A maioria dos observadores do mercado concorda que as telenovelas conseguirão, provavelmente, reter o seu impacto e valor de publicidade como um influenciador de marketing para as marcas de moda. Isto deve-se, em particular, ao facto de representarem um reflexo familiar da sociedade brasileira e da vida quotidiana.

«As telenovelas são uma amostra da vida no Brasil, da “Classe A” à “Classe E”», explica Wajngarten, referindo-se à hierarquia socioeconómico utilizado na demografia de marketing brasileira. «As marcas interessadas ​​em quota de mercado dispõem de excelentes opções para comunicar. Na verdade, existem vários estudos que sugerem que as telenovelas influenciam, inclusive, o comportamento de longo prazo dos brasileiros. Por exemplo, a variação da taxa de natalidade e o número de divórcios», acrescenta.

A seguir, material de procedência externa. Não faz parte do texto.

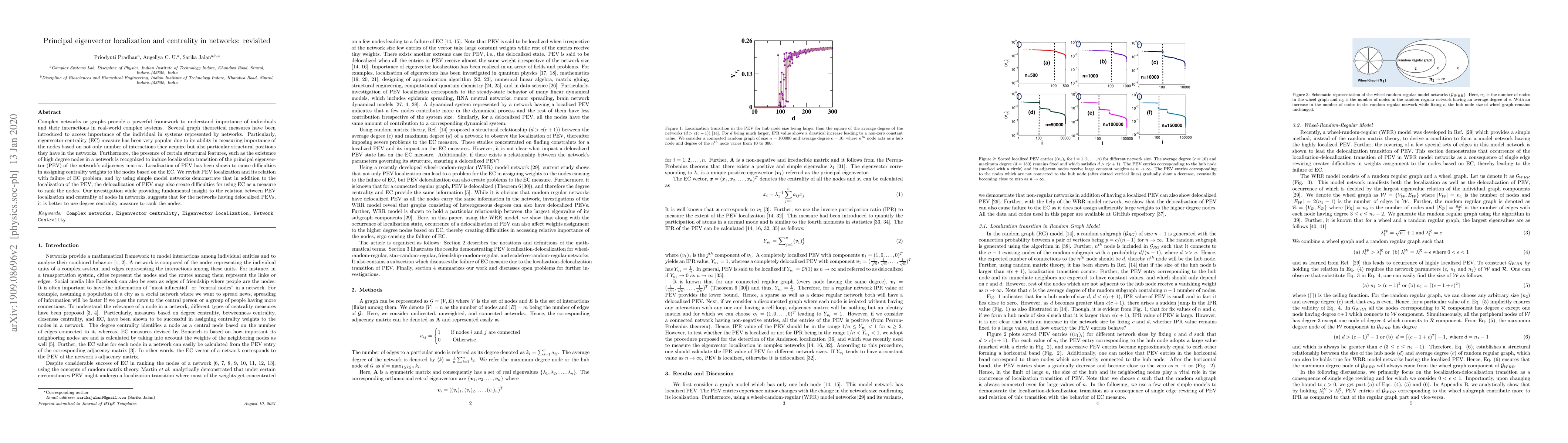 Complex networks or graphs provide a powerful framework to understand importance of individuals and their interactions in real-world complex systems. Several graph theoretical measures have been introduced to access importance of the individual in systems represented by networks. Particularly, eigenvector centrality (EC) measure has been very popular due to its ability in measuring importance of the nodes based on not only number of interactions they acquire but also particular structural positions they have in the networks. Furthermore, the presence of certain structural features, such as the existence of high degree nodes in a network is recognized to induce localization transition of the principal eigenvector (PEV) of the network's adjacency matrix. Localization of PEV has been shown to cause difficulties in assigning centrality weights to the nodes based on the EC. We revisit PEV localization and its relation with failure of EC problem, and by using simple model networks demonstrate that in addition to the localization of the PEV, the delocalization of PEV may also create difficulties for using EC as a measure to rank the nodes. Our investigation while providing fundamental insight to the relation between PEV localization and centrality of nodes in networks, suggests that for the networks having delocalized PEVs, it is better to use degree centrality measure to rank the nodes.

Tradicionalmente, as telenovelas apresentam uma linha central de narração, articulada em torno de uma família afluente e poderosa, mas os argumentos recentes têm alterado a dinâmica clássica destes programas, cujo enredo se desloca dos bairros luxuosos para as favelas e espaços intermédios. Essa mudança reflete uma nova base crescente e poderosa de consumidores: a classe média brasileira.

Os analistas adiantam que a classe média representa, atualmente, mais de metade da população do país, o que equivale a mais de 100 milhões de pessoas. «Os anunciantes reconhecem que no contexto destas comunidades existe um novo mercado muito grande de consumidores, pelo que a comunicação deve ser orientada para eles», alerta Wajngarten.

Recorrendo à telenovela brasileira como um veículo de marketing, as casas de luxo poderão alavancar novas vendas e aumentar a notoriedade e reconhecimento da marca. Porém, as preocupações face à diluição da equidade da marca são ainda demasiado prementes para as casas mais exclusivas. Combinar produtos de prestígio com o que muitos consideram ser uma forma de arte desprestigiada poderá, efetivamente, revelar-se um passo demasiado ousado para alguns. No entanto, os últimos anos têm revelado que os consumidores brasileiros respondem de forma mais favorável do que a maioria quando as suas marcas favoritas apelam aos populares atores das telenovelas.